I recently read research about what to do with young adults who have grown up without a loving attachment to adults.

As you no doubt know, the British psychoanalyst John Bowlby first proposed what became known as ‘attachment theory’: that infants are evolutionarily ‘programmed’ to form attachments with their caregivers from birth.

Without a loving attachment and close proximity to these caregivers, they are unable to form loving, intimate and lasting relationships.

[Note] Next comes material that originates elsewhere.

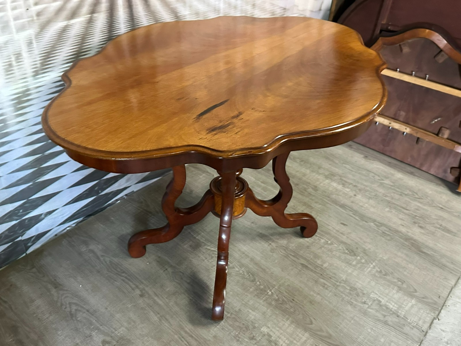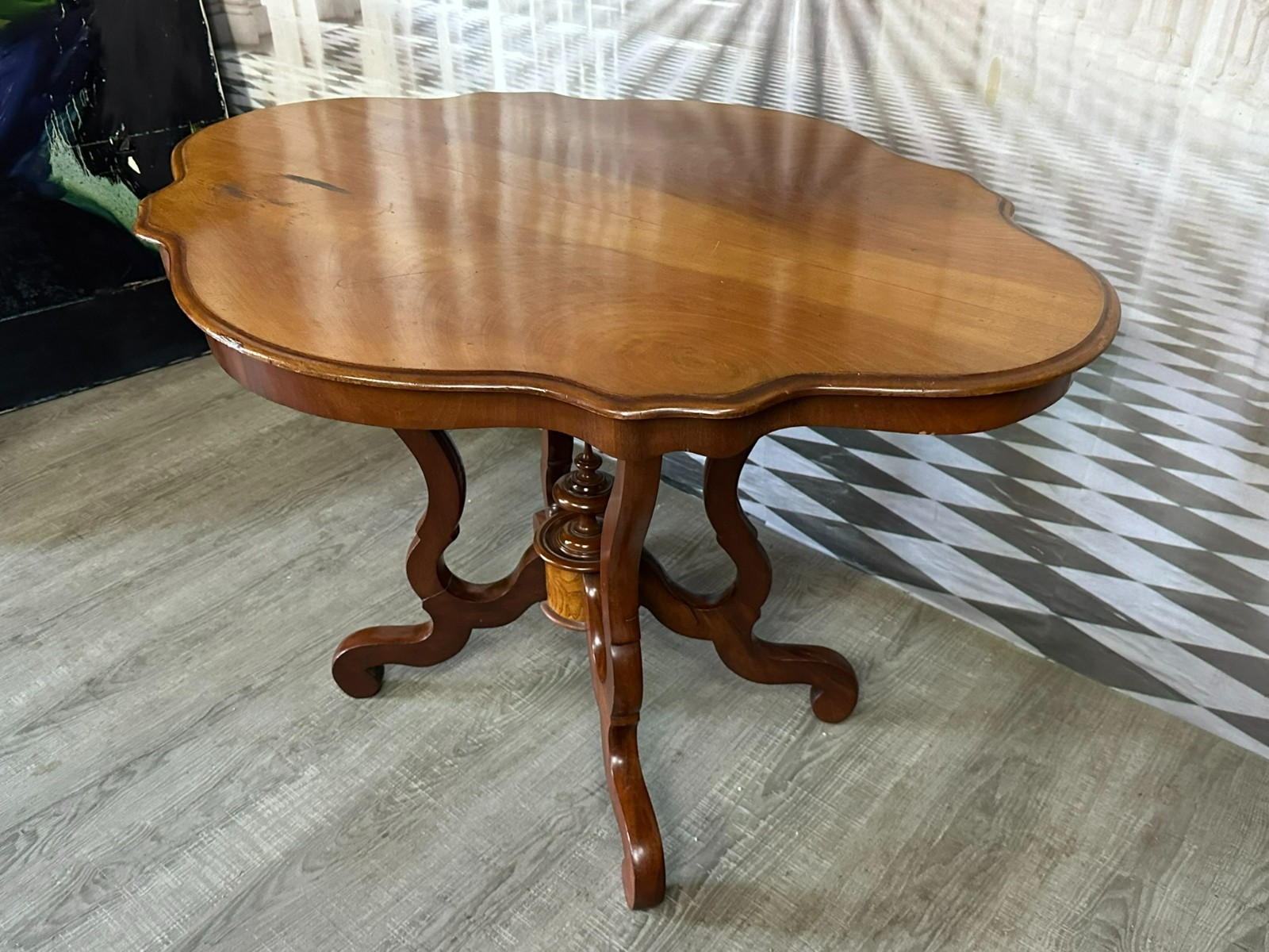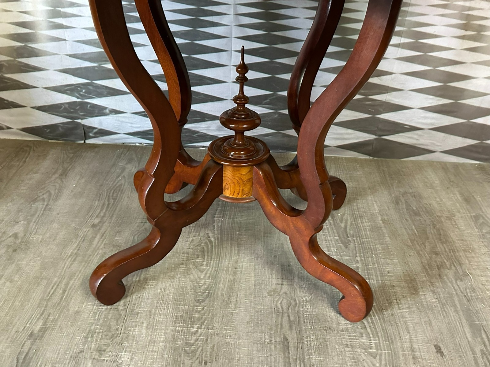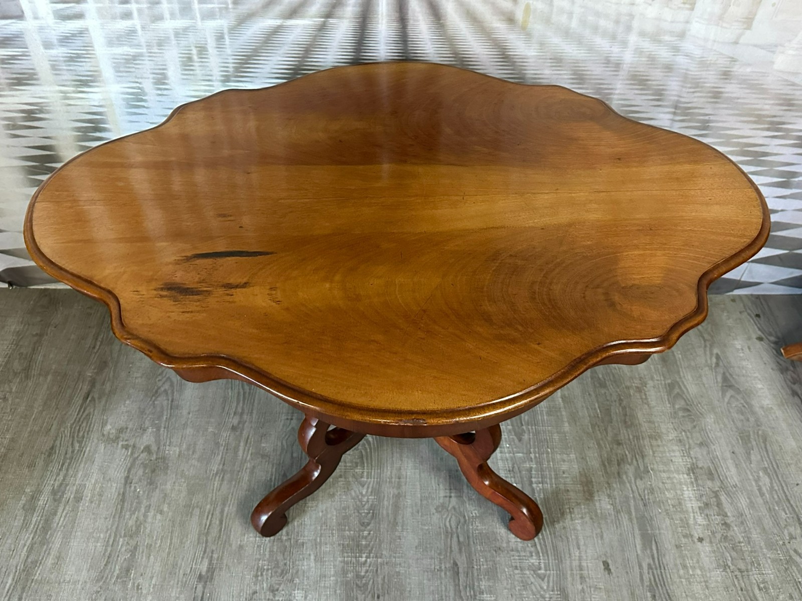 Antiker Louis Philippe Tisch um 1850. Fuß aus Mahagoni massiv, obere Platte Mahagoni furniert. An der oberen Platte größerer brauner Fleck, im Randbereich leicht bestossenund berieben. Der Fußbereich minimal berieben. Abmessungen BTH 114/83/74cm, Beinfreiheiet 67cm.

He also argued that without such early attachments, an individual would suffer from a sense of low self-worth and be unable to trust.

Bowlby, a Freudian, was convinced that this crucial time of attachment was a tiny window in a person’s life: just two and a half years – a timeframe he amended later in his life to five years.

Many subsequent psychologists extended these ideas to say that these early experiences determine how we’re going to interact with romantic partners and our own children.

However, more recently, evidence has emerged from Indiana’s Purdue University that a close-knit group can provide the kind of healing environment that enables someone without that early caregiver attachment to heal, develop a sense of self worth and form healthy attachments to others.

Nelsa Libertad Curbelo Cora, a peace worker with young street gang members in Guayaguil, Ecuador’s version of Watts in California, believes that a youth gang is simply a manifestation of the thwarted human need to belong. “They have an instinct toward oneness, which is why they form gangs,” she says.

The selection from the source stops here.